如果配置为这样做,此项目将下载并安装其他第三方开源软件项目。使用前请查看这些开源项目的许可条款

https://pypi.ac.cn/project/pdfservices-sdk/

  • INSTALL_ADOBE_SDK:
  • 描述:如果设置为 true,则 Adobe SDK 将在启动时安装在容器中。如果您想使用 Adobe 提取服务进行 PDF 分解,则这是必需的。在启用此选项之前,请查看 pdfservices-sdk 的许可协议

贡献

我们要求所有贡献者在他们的提交上“签名”。这证明贡献是您的原创作品,或者您有权根据相同许可或兼容许可提交它。

任何包含未签名的提交的贡献都不会被接受。

要在提交上签名,请在提交更改时使用 --signoff (或 -s) 选项

$ git commit -s -m "Add cool feature."

这会将以下内容附加到您的提交消息中

Signed-off-by: Your Name <your@email.com>

DCO 的全文

  Developer Certificate of Origin
  Version 1.1

  Copyright (C) 2004, 2006 The Linux Foundation and its contributors.
  1 Letterman Drive
  Suite D4700
  San Francisco, CA, 94129

  Everyone is permitted to copy and distribute verbatim copies of this license document, but changing it is not allowed.
  Developer's Certificate of Origin 1.1

  By making a contribution to this project, I certify that:

  (a) The contribution was created in whole or in part by me and I have the right to submit it under the open source license indicated in the file; or

  (b) The contribution is based upon previous work that, to the best of my knowledge, is covered under an appropriate open-source license and I have the right under that license to submit that work with modifications, whether created in whole or in part by me, under the same open source license (unless I am permitted to submit under a different license), as indicated in the file; or

  (c) The contribution was provided directly to me by some other person who certified (a), (b) or (c) and I have not modified it.

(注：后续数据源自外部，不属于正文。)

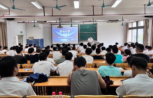 随后,任职于中远海运船员管理有限公司的员工代表赵伟滨讲述了入职公司的面试过程和海上工作体验,勉励师弟师妹们要珍惜公司提供的学习机会,不断提高理论和实践相结合的能力。最后,广州分公司副总经理汪家元介绍了中远海运的招录条件、薪酬福利、培养模式等,期待毕业生们可以加入中远海运船员管理有限公司。
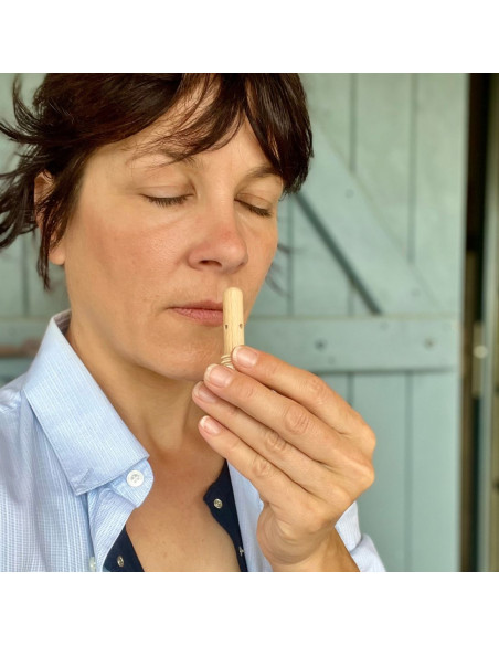 - Versez quelques gouttes de laurier noble ou d'un mélange laurier - myrte/pin sur la mèche du stick inhalateur puis respirez profondément. Un geste rapide, nomade, pour soutenir vos défenses, libérer la respiration et affronter l’hiver plus sereinement.

  (d) I understand and agree that this project and the contribution are public and that a record of the contribution (including all personal information I submit with it, including my sign-off) is maintained indefinitely and may be redistributed consistent with this project or the open source license(s) involved.